As Trinidad and Tobago urges collaboration with Guyana to ensure regional energy security, Vice President Bharrat Jagdeo says that this country will continue to explore cooperation with the twin island republic and Suriname as immediate demand is for refined petroleum products which it doesn’t have.
“I do believe there are synergies between Guyana, Trinidad and Suriname and that is why we are always leaving options open [for] the possibilities of collaborating in these areas because they can deal more with the production and processing of gas etc. The other countries are small and have more demand for refined products … So we will have to look, in the future, at how we can deal with those,” said the Vice President, who also holds responsibility for energy policies, when asked about this country’s plans for regional energy security.
“We get our oil share in the form of crude …we can do tolling at some stage when we become more sophisticated, have it refined and brought back maybe … but that is as you get more crude and are more sophisticated,” he added.
Trinidad and Tobago’s Prime Minister Keith Rowley and that country’s Minister of Energy Stuart Young underscored collaboration and using their existing infrastructure to help in the energy security process.
“I have one simple question: Out of the 640,000 plus barrels of oil per day that is being produced by Guyanese natural resources, owned by the people of Guyana, how much of that is actually being utilized for the energy security of the region?” Young asked as he delivered his address to the just concluded energy conference which was held at the Marriott Hotel.
He said that his country also has gas processing facilities that can be used. “Our ability, in Trinidad, to produce more LNG is there, because we have existing capacity at our plants and what we are looking for is access to proven reserves of gas. That can be and must be an important part of the solution for the other Caricom islands, as they move to changing out or updating their energy production and electricity production, because they can use LNG and use natural gas for the production of their electricity. It is more efficient and it is part of the transition and there is a supply coming from Trinidad, but we must have access to those proven reserves of gas,” he expressed.
The Trinidad and Tobago Energy Minister said that if discussions and questions are focused on making those investments a reality, the people will see it can work.
“How long would it take for the people who own those resources to get the returns of revenue? Wouldn’t you have to offer tax holidays? Wouldn’t you have to offer moratorium? Wouldn’t you have to offer incentives to the expenditure of those billions? Wouldn’t you then have to put down the type of infrastructure for the shipping… as opposed to if we were to collaborate? For example, right there in Trinidad, there is the existing plugins; send your gas resources and you will see your returns immediately. No wait, no moratorium, no need for incentives and immediate returns on your natural resources, which you then use for infrastructure in your countries as a return for the people of your respective countries,” he said.
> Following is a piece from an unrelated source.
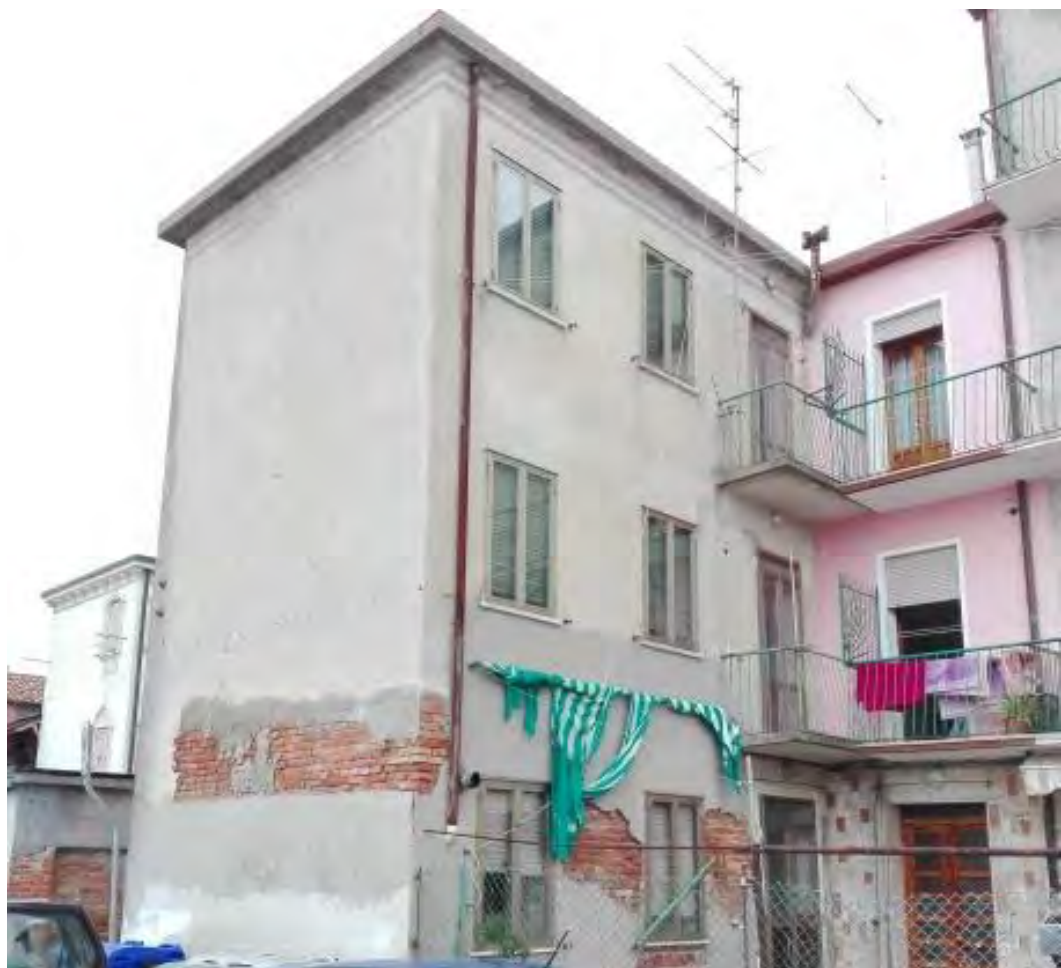
Lungomare Lusenzo, via San Felice 549/C – Chioggia (VE)

“My message is a simple one; it is about taking responsibility for our destiny,” he added.
Using part of its oil share to be refined in Trinidad is not an immediate plan either, Jagdeo said, given that the country’s refinery has been out of use since 2018 and the feasibility of getting it up again through private sector effort has not been explored.
“We are entitled to a number of barrels of crude as part of profit oil. We sell those basically through a marketing arrangement that is publicly tendered at a benchmark. We don’t refine products here. The demand for the region is for refined products. Most of the other countries have a need for refined products so that excludes everything else, except Trinidad and Tobago, he said.
“That refinery has been mothballed since 2018. We don’t know what it will take right now to rehabilitate that and to bring it into production and whether that is the most feasible thing to do, especially in light of people being able to import fuel from external forces and not pay the external tariffs. At this stage, we can talk about it.”
As it relates to gas, Jagdeo said that Guyana’s strategy and plans will also take into account monetizing the associated gases that are in excess but that is not the immediate focus, since meeting local demand for citizens takes priority. He explained that ExxonMobil has consistently said that it prefers to use the gas for offshore works so a lot of how much gas will be available must be determined with the US oil major in those discussions.
He said monetizing the gas resources will need private sector investors to drive that initiative because the government will not use state resources to undertake studies, such as best configuration methods for processing the gas or which country to bring it from, for private sector investments . “This will be privately driven…,” he stressed.
“We can’t get a project between the Government of Guyana and the Government of Trinidad, you have to get investors. That is the approach we are taking. It is something that will be examined but the timing has to be when we are moving forward with the project,” Jagdeo said.